Next, the internal construction of the multi-anode type photomultiplier tube 1 will be described in greater detail with referring back to
As described above, the photocathode 20 is formed on the effective photoelectric area K of the faceplate 9.
The converging electrode plate 22 faces the photocathode 20. The converging electrode plate 22 is for converging photoelectrons emitted from the photocathode 20 and for guiding the photoelectrons to the electron multiplying section 28. As described already, the converging electrode plate 22 has the two by two openings 24.
The photocathode 20 has two by two regions in one-to-one correspondence with the two by two openings 24. An electron converging space is defined between the photocathode 20 and the converging electrode plate 22. The partition plates 26 divide the electron converging space into two by two segment spaces N in one-to-one correspondence with the two by two openings 24.
Photoelectrons emitted from one region among the two-by-two regions of the photocathode 20 are converged by the converging electrode plate 22 while traveling in the corresponding segment space N. The photoelectrons then pass through the corresponding opening 24 to reach the electron multiplying section 28.
In the electron multiplying section 28, the four dynode arrays 30 are arranged in one-to-one correspondence with the four openings 24. Each dynode array 30 is of a line focus type, and includes the plurality of (ten, in this example) dynodes Dy1 to Dy10. The first- to tenth-stage dynodes Dy1 to Dy10 are arranged in the direction of the tube axis.
In the anode section 32, the four anode electrodes 34 are arranged in one-to-one correspondence with the four dynode arrays 30. Each anode electrode 34 is located between the ninth stage dynode Dy9 and the tenth stage dynode Dy10 in the corresponding dynode array 30. The four shielding electrodes 36 electrically isolate the four anode electrodes 34 from one another. Each anode electrode 34 receives photoelectrons that have been multiplied by the corresponding dynode array 30, and generates an output signal indicating the amount of the received photoelectrons.
The input/output pins 38 pass through the stem 7 and are fixed to the stem 7. The input/output pins 38 are connected via wirings (not shown) to the photocathode 20, the converging electrode plate 22, the electron multiplying section 28, and the anode section 32.
As described above, in this embodiment, the two by two dynode arrays 30 and the two by two anode electrodes 34 are provided in correspondence with the two by two segment spaces N. Each dynode array 30 receives photoelectrons emitted from a corresponding region of the photocathode 20 and multiplies the received photoelectrons. Then, the corresponding anode electrode 34 receives the multiplied photoelectrons, and generates an output signal indicating the amount of the received photoelectrons. The output signal is outputted through the input/output pins 38.

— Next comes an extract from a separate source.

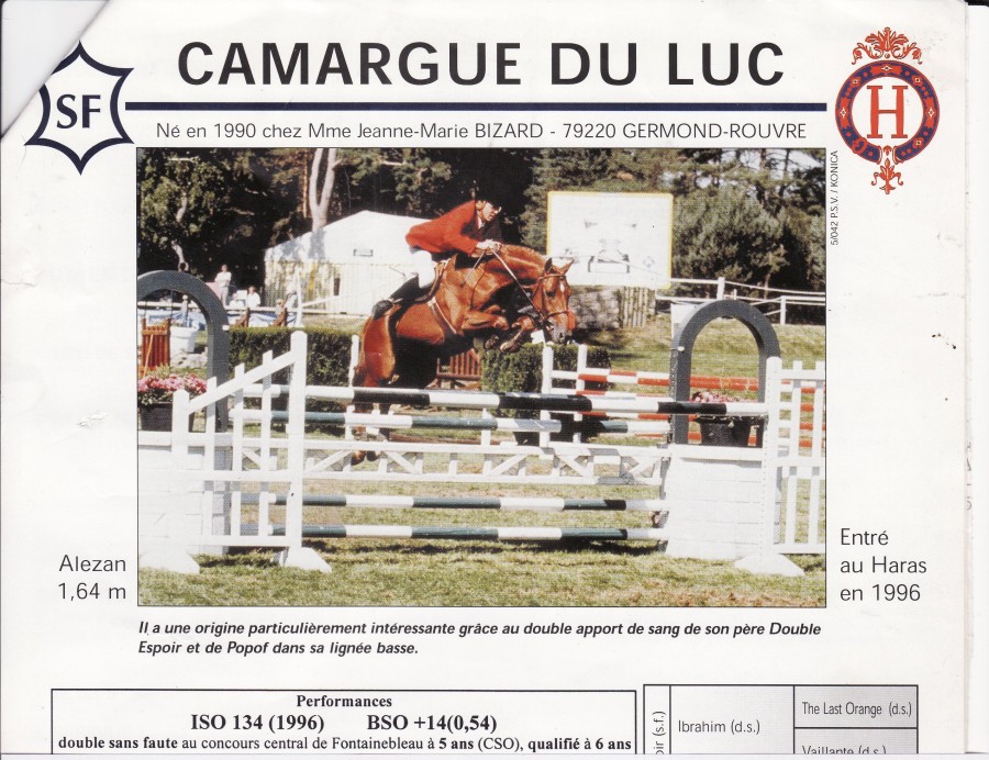 ncaar Disons qu'avec ma jument OC et sa maman ONC il me faut un stud-book autorisé dans la reconstitution de l'Anglo-Normand pour le produit (DSA)... Camargue du Luc, le papa d'Olympe a été labelisé SF Originel, c'est un bon point, mais du coté maman, il y a du travail sur 4 générations à faire puisque je n'ai pas de preuve qu'Orphée était bien TF de naissance... Un nouveau challenge pour moi... mes 2 reproducteurs Castillonnais étant bien notés à l'élevage, y'a plus qu'à faire des petits... La carrière de Bizet en dressage est entre les mains de ma monitrice...

In the side tube 11, the partition plates 26 extend across the tube head 17 and the funnel-shaped connection neck 15 into the tube main body 13. The converging electrode plate 22, the electron multiplying section 28, and the anode section 32 are provided in the tube main body 13. The magnetic shield 40 shields the converging electrode plate 22, the electron multiplying section 28, and the anode section 32 in the tube main body 13 from an external magnetic field. The high magnetic permeability material layer 42 is made of permalloy, for instance, and directly covers the outer periphery of the tube main body 13. The resin coating layer 44 covers the outer periphery of the high magnetic permeability material layer 42. The resin coating 44 fixes the high magnetic permeability material layer 42 to the photomultiplier tube 1.
With the above-described configuration, the multi-anode type photomultiplier tube 1 operates as will be described below.

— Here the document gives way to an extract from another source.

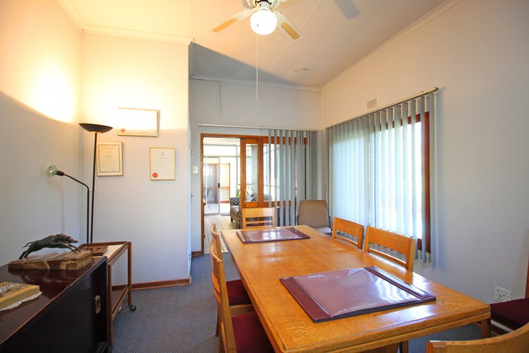 Separate male and female restrooms plus a shower facility. Fully equipped kitchen. Receptions open onto a covered patio leading to pool and garden-ideal for informal meetings or staff gatherings under the trees. Five fully functional offices- one opening to an enclosed courtyard. Secure parking for + - 12 cars. Domestic quarters. Currently used as offices. Zoned res 1.

Predetermined voltages are applied to the photocathode 20, the converging electrode plate 22, the dynodes Dy1-Dy10, and the anode electrodes 34 through the input/output pins 38. When light is incident on an area of the faceplate 9 that corresponds to one segment space N, photoelectrons whose amount corresponds to the amount of the incident light are emitted from the corresponding area of the photocathode 20. These photoelectrons are converged by the converging electrode plate 22 while traveling in the segment space N, and are then guided through the corresponding opening 24 into the corresponding dynode array 30. The photoelectrons are multiplied at the successive stages of the dynodes Dy1-Dy10, and are then collected by the corresponding anode electrode 34. The photoelectrons thus collected by the anode electrode 34 are outputted as an output signal through the input/output pins 38. This output signal indicates the amount of light that originally impinges the area of the faceplate 9 that faces the segment space N.
In this embodiment, the converging electrode plate 22, the electron multiplying section 28, and the anode section 32 are placed in the tube main body 13. The magnetic shield 40 is provided on the outer periphery of the tube main body 13. Therefore, the convergence and multiplication of photoelectrons are performed precisely without being affected by an external magnetic field.

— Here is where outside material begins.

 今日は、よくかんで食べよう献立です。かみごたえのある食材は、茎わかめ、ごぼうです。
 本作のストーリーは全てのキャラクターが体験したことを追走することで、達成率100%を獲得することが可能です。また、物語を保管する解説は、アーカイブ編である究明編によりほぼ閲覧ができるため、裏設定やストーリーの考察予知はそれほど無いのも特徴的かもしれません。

In the multi-anode type photomultiplier tube 1 of this embodiment, as shown in
Additionally, as shown in
Because the tube head 17 has a large cross-sectional size and has a small radius of curvature at the rounded corners 17b, the tube head 17 has a relatively small mechanical strength. However, this tube head 17 is supported by the tube main body 13 that has a small cross-sectional size and that has a large radius of curvature at the rounded corners 13b. This structure enhances the overall strength of the side tube 11. In addition, the length L1 of the tube main body 13 in the tube axial direction is longer than the length L2 of the tube head 17 in the tube axial direction. The overall strength of the side tube 11 is further enhanced.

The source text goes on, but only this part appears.